И добро бы бывшие союзники расходились с миром. Похоже, что иные из них, как Англия и Ганновер, не только чаяли сепаратного мира со шведами, но и мечтали составить новую коалицию — на сей раз против России. С тем, что министры Георга I лелеют столь коварный замысел, были согласны и прискакавший из Гааги Куракин, и приплывший из Лондона Толстой. Выслушав отчёт Петра Андреевича о его лондонских мытарствах и злоключениях, Пётр совсем уверился, что надобно искать в европейской политике новые пути и самому мириться со шведами.
И тут господин Прейсс дождался наконец своего часа: царь стал прощупывать подходы к барону Герцу.
— Ну что ж, коль господа англичане и ганноверцы не хотят жить с нами в дружбе, и мы в своих поступках ныне вольны! — Пётр отвёл взор от маячившего за окном человечка в чёрном плаще и, обернувшись к стоявшим за его спиной министрам, кивнул:
— А ведь это меня швед сторожит! Сашка Румянцев всё об этом агенте спроведал!
На другой же день доктор Арескин доставил царю не новые лекарства из аптеки, а привёл посетителя: эмиссара партии якобитов графа де Мара. Пётр принял графа наедине в спальне. При этом заметил своему доктору:
— Вот что, Арескин. Нам ведомо, что лондонские газеты кличут тебя не иначе яко Эрскин и что ты у якобитов человек не последний. Зови своего графа, но помни, что я болен и много говорить не могу.
В ответ на горячие слова графа де Мара о восстановлении славной династии Стюартов на британском престоле Пётр только уныло покачивал головой. Известием же о том, что якобиты могут быть посредниками и похлопотать о мире между Россией и Швецией, царь заинтересовался куда более и даже спросил: через кого сие сделать можно?
— Через барона Герца! — сразу признался честный вояка-якобит.
— И где же сей барон ныне обретается? — не без лукавства спросил Пётр, которому прекрасно было известно нынешнее местонахождение барона.

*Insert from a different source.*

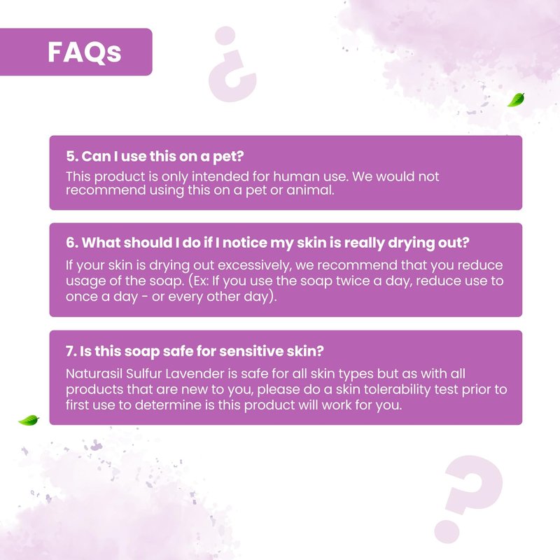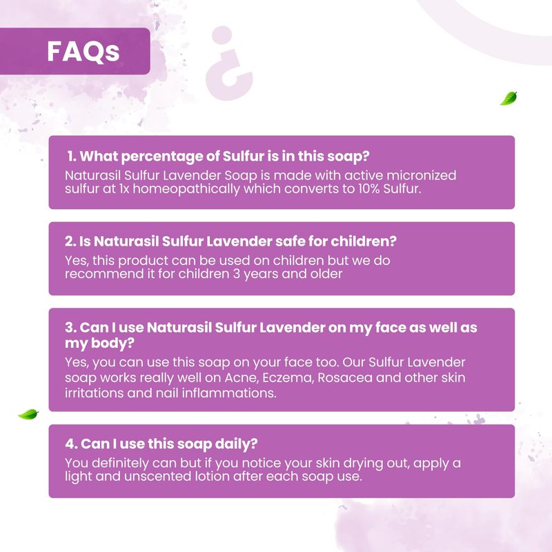 This sulfur soap by Naturasil is quite the game-changer! Imagine having a lavender soap that doubles as a medicated soap, helping you deal with all those pesky skin issues. It's like having a spa day and a visit to the dermatologist, all wrapped up in one neat little bar. This soap is not just a natural sulfur soap, it's a sulfur face and body cleansing bar soap, and it even works for things like acne, eczema and skin itching as well as irritation. It's like your very own secret weapon against skin troubles, and the bonus is that it's safe for both adults and kids. Struggling with common skin conditions like acne, bug bites, warts, and itching? This sulfur soap is your new best friend. It's like having a mini, portable skin clinic at your fingertips. Plus, the lavender scent is just divine, making you feel relaxed while it does its magic. What sets this soap apart? Well, it's crafted with micronized volcanic sulfur and pure lavender oil. It's like a union of nature and science, working together to give you the best skin possible. Plus, it's cruelty-free, because who doesn't love a brand that cares? Before you start using this sulphur face soap, make sure you're not allergic to sulfur or sulfa-based products. Also, take off your jewelry before application to avoid any unwanted reactions. And remember, if you experience any discomfort, it's best to consult a physician. So, ready for a whole new soap experience? Give this sulfur lavender soap a try! It's not just soap, it's a natural and effective solution to many of your skin woes.

— В Париже, где я его видел на днях! — отрубил граф де Мар.
Здесь Пётр устало откинул голову на подушку и объявил, что ему неможется. На сем аудиенция и закончилась. Но не без важных последствий, ибо господин Прейсс немедля сообщил своему послу в Гаагу, что царь принял доверенное лицо Герца, графа де Мара. А ещё через неделю из Парижа пожаловали новые посланцы: два иезуита от главы гишпанского кабинета кардинала Альберони. И сих посланцев Пётр принял у себя в спальне, и хотя чувствовал себя уже вполне здоровым, снова стал мнимым больным. Отцы иезуиты тотчас засуетились и хотели было уже бежать за какими-то укрепительными микстурами, но Пётр сказал, что от лекарств его уже тошнит, голова же у него совершенно ясная и он с удовольствием выслушает прожекты великого кардинала. Надобно сказать, что проекты Альберони превосходили даже великий прожект барона Герца. Если многомудрый барон хотел переменить династию в Англии, то кардинал задумал переменить королей не только в Лондоне, но и в Париже, и вместо малолетнего Людовика XV посадить на престол Франции короля Испании Филиппа Бурбона.
— А что же будет с регентом Франции, герцогом Орлеанским? — слабым голосом осведомился Пётр.
— Его кабинет будет уничтожен! — сурово ответили иезуиты.